What an absolutely stunning car. That interior is top-notch.

Has this new XJ quite possibly taken over the 7 Series, A8 and S-Class perhaps?


----------



## davec (Mar 5, 2012)

stunning buddy, thank you.


----------



## Raceno7 (May 2, 2011)

Fantastic work, can i ask what paint you used for the calipers??


----------



## hotwaxxx (Jul 12, 2007)

Raceno7 said:


> Fantastic work, can i ask what paint you used for the calipers??


Its red paint (sorry couldn't resist).:lol:

I normally use Hammerite paint when doing calipers myself. Stands up to heat and one coat lasts forever on a cleaned caliper.


----------



## Invisible Touch (Mar 5, 2008)

Raceno7 said:


> Fantastic work, can i ask what paint you used for the calipers??


As above, i always use hammerite. 1 coat applied on each corner then come back round and repeat. Its recommended to apply the second coat within so many hours. The finish is very hard wearing and better to apply than other 'caliper paint' i have tried.


----------



## macperegrine (May 7, 2011)

SteveTDCi said:


> Looks fab, I cannot wait for these to dip under the 10k barrier. I'm not sold on the red callipers though, still its not my car


Yeah, realise it's not everyone's cup of tea with the red calipers . We just thought it would: a) make it look a little less like a chauffeur/limo/cab and more like a private persons car (bit more sporty).
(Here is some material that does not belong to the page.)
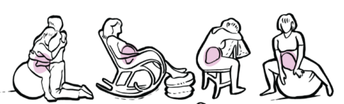Rodząca siedzi na dużej piłce, kołysze się lub krąży biodrami.

And b) makes the hubs and calipers look a bit more tidy over time without the inevitable rust/baked in dirt...

Anyway, today was the first day since the detail, that we have had time to give it a wash. The London marathon was on, so couldn't get the car out til about 3 pm. Literally within 5 mins of starting, the rain came  so abort until next weekend. At least we could see some nice beading as a result of Christian's work...


----------